薩摩の教え

西郷南洲遺訓 第8条「むやみに外国の真似をしてはならない」

明治維新から150年の今年、維新の力を生んだ「薩摩の教え」を改めて皆さんと共に学んでいるこの番組。今月から、西郷さんが遺した教え、「西郷南洲遺訓」をご紹介しています。

今日は、第8条「むやみに外国の真似をしてはならない」という教えです。


新しい国を作るに際し、
広く諸外国の制度を取り入れ、文明開化を推し進めようとするならば、
まずわが国の本分をわきまえ、道徳の教えをしっかりと強化し、
その上で、ゆっくりと諸外国の長所を取り入れるべきである。

そうではなく、ただむやみに外国の真似をし、見習うとしたら、
日本の国は弱体化し、日本人の美徳が失われ、
道徳も乱れて、救いがたい状況になってしまう。

最終的には、国家としての独立を失い、
西欧列強の支配を受けることになってしまうであろう。


明治時代、いかに海外に目を向けていたかが分かりますよね。
文明開化の流れが急激で、西欧からの科学技術・思想・衣服や生活スタイルなど、あらゆることが「西洋では当たり前」として持ち込まれました。そしてそのマネをすることが時代の風潮だったんですね。
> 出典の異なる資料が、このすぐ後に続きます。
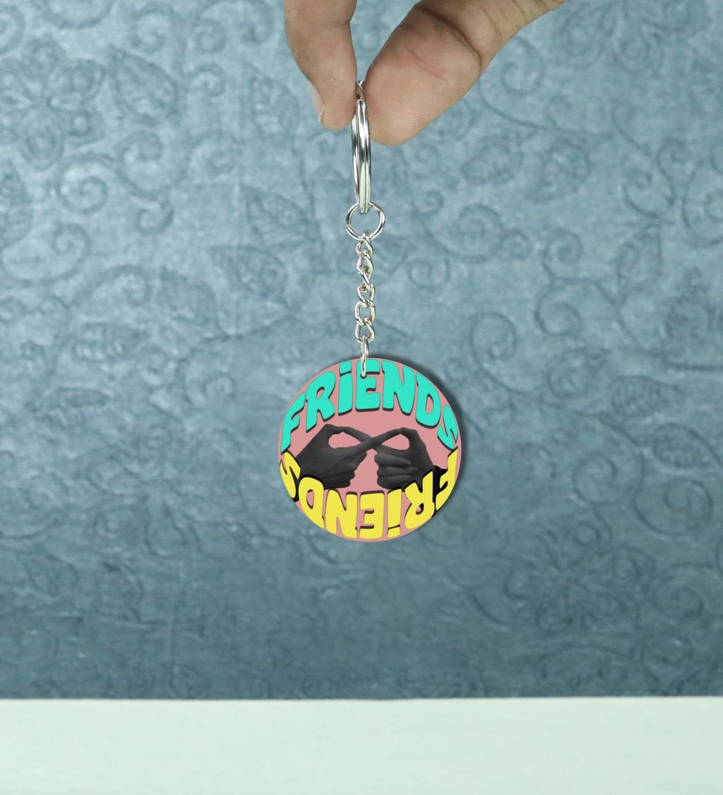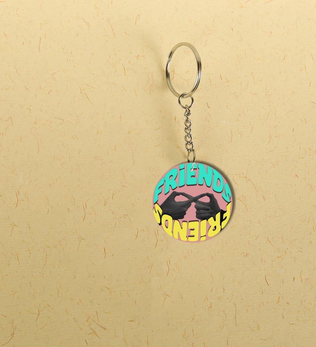 Friendship Vibes in Retro Color Style: Printed Round Keychain Pack of 2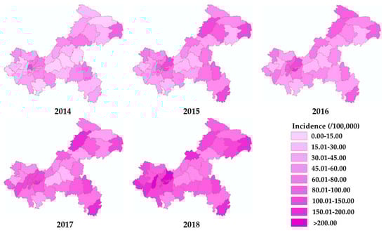 Incidence maps of varicella in Chongqing from 2014 to 2018.

しかし西郷さんは、その際に「日本人の良いところを忘れてはいけない」と言っています。
西郷さんが仕えた島津斉彬も海外の技術を積極的に取り入れていました。西郷さんも維新後、西洋の思想書を多く取り寄せ読んでいたことも知られています。

しかし、それらを取り入れるあまり、日本人の道徳心や良さを失ってはいけないと釘を刺しているんですね。私はこの西郷さんの考え方自体が日本人らしく、芯が通った内容だなと感じます。

例えば、人が成功した事例に倣って、そのやり方を同じように模倣しても何故かうまくいかないことって多いですよね。それは、その人自身が自分に合ったやり方を見つけたから。
ということは、自分自身の良さを損なわないよう、軸がぶれないようにした上で吸収しなければならないなと感じます。